Allow more general change of control between procedures, as appropriate, for example, for for-statements that have 'yield' conditions as well as more generally, co-routines, a form of cooperative concurrency, where a procedure explicitly decides when to suspend its execution to allow others to resume.

See http://en.wikipedia.org/wiki/Iterator

Continuation Passing Transformation

Compile programs by systematically introducing the ability to manipulate the labels in which execution will continue, as well as the current state. Such description of future computation is called continuation. Continuations can in principle be stored and executed later like functions (closures).

Alternative Syntax using Parser Generator

Implement alternative front-end for Tool, using a parser generator such as

http://bnfc.digitalgrammars.com/

Final Compiler and Report

Deadline: 10 January 2014 23h59

Your final report is due on the date, and both will be delivered using Git.
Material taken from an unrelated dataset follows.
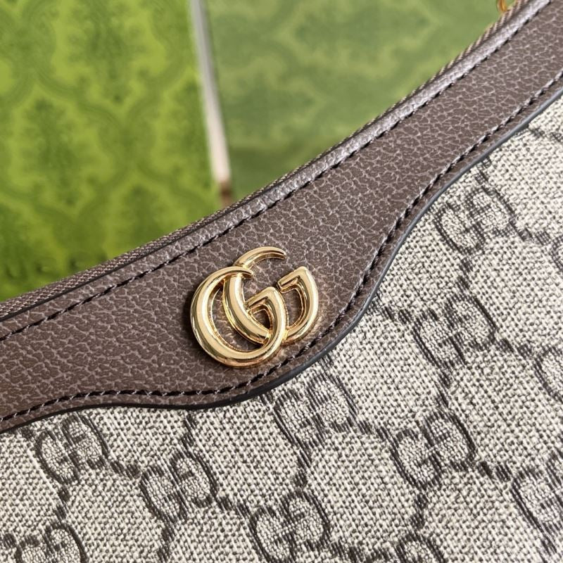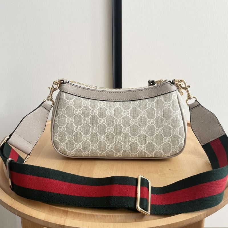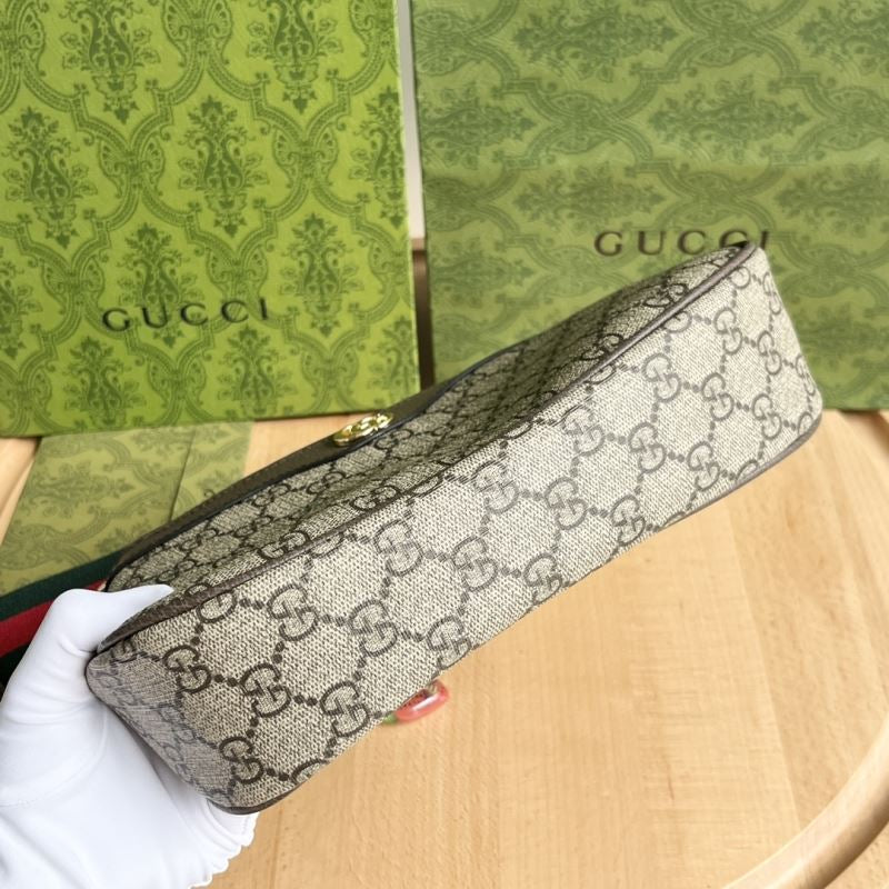 • Made with GG Supreme beige canvas, taupe leather trim, and gold-tone GG logo on the front.

You are encouraged to use the following (LaTeX) template for your report:

A PDF version of the template with the required section is available here:

Although you are not required to use this template, your report must contain at least the sections described in it with the appropriate information. Note that writing this report will take some time and that you should not do it at the last minute. This final report is an important part of the compiler project. If you have questions about the template or the contents of the report, make sure you ask them early.

A common question is “how long should the report be?”. There's no definitive answer to that. Considering that the report will contain code examples and a fairly precise description of implementation, it should probably be at least 3 pages. Less would be suspicious. 6 pages is fine. We will not complain for up to 10 pages if the content is meaningful, but extra pages by themselves do not make a report better, so please use as much as you need.